Haiti's ambassador to the US issued an appeal for help in Washington on Tuesday after his homeland was rocked by a magnitude-7.0 earthquake.
Raymond Joseph said in an interview with CNN that an official he contacted in Port-au-Prince described "a catastrophe of major proportions" in the impoverished Caribbean nation.
"The only thing I can do now is pray and hope for the best," the envoy told CNN.
Shortly after Joseph's comments, President Barack Obama said the US was prepared to provide disaster assistance to Haiti, the poorest nation in the Western Hemisphere.
"We are closely monitoring the situation and we stand ready to assist the people of Haiti," the president said in a statement.
The temblor struck at 4.53 pm and its epicentre was about 15 km southwest of the Haitian capital. The initial event was followed by three aftershocks, including a magnitude-5.9 earthquake.
A tsunami warning issued for the coasts of Haiti, the neighbouring Dominican Republic and nearby Cuba and the Bahamas was lifted about two hours after the quake.
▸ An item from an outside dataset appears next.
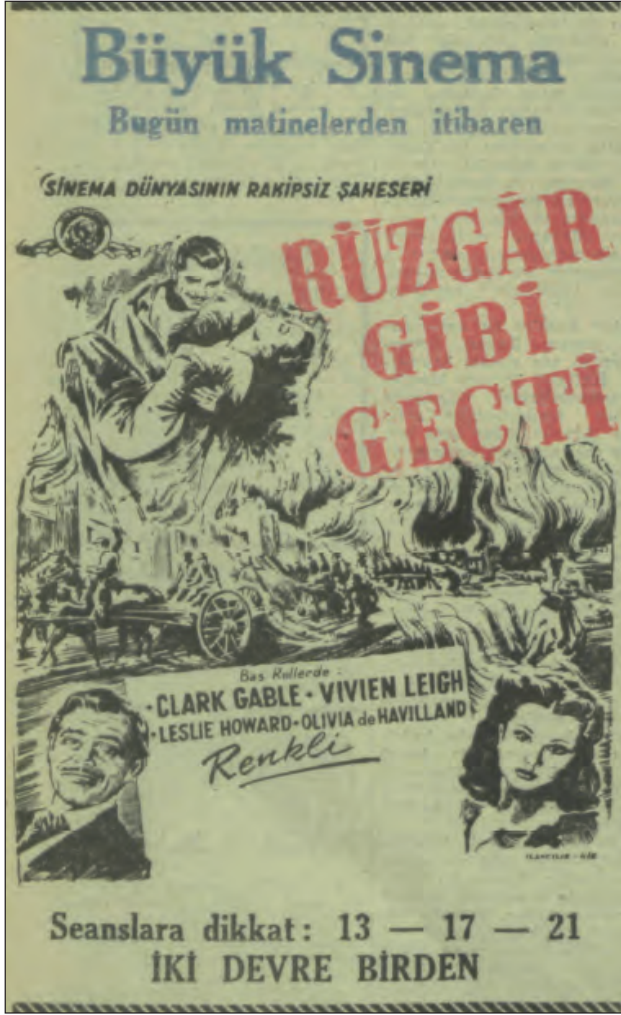
Şekil 2. Rüzgâr Gibi Geçti filminin reklamı. Kaynak: Rüzgâr Gibi Geçti, 1953, 27 Ocak, s. 6.

The earthquake knocked out both fixed-line and mobile telephone service in Port-au-Prince, a US State Department spokesman told EFE, while a Dominican government press officer said reports had reached Santo Domingo of "great damage" in the neighbouring country.
"The information we have point to a difficult situation in Haiti, so we ask that Latin America and the whole world come to the aid of our neighbour, as we are also ready to do," Rafael Nuñez told Dominican television.
Venezuela's foreign minister, Nicolas Maduro, announced that President Hugo Chavez had ordered the immediate dispatch to Haiti of relief supplies and search and recovery teams.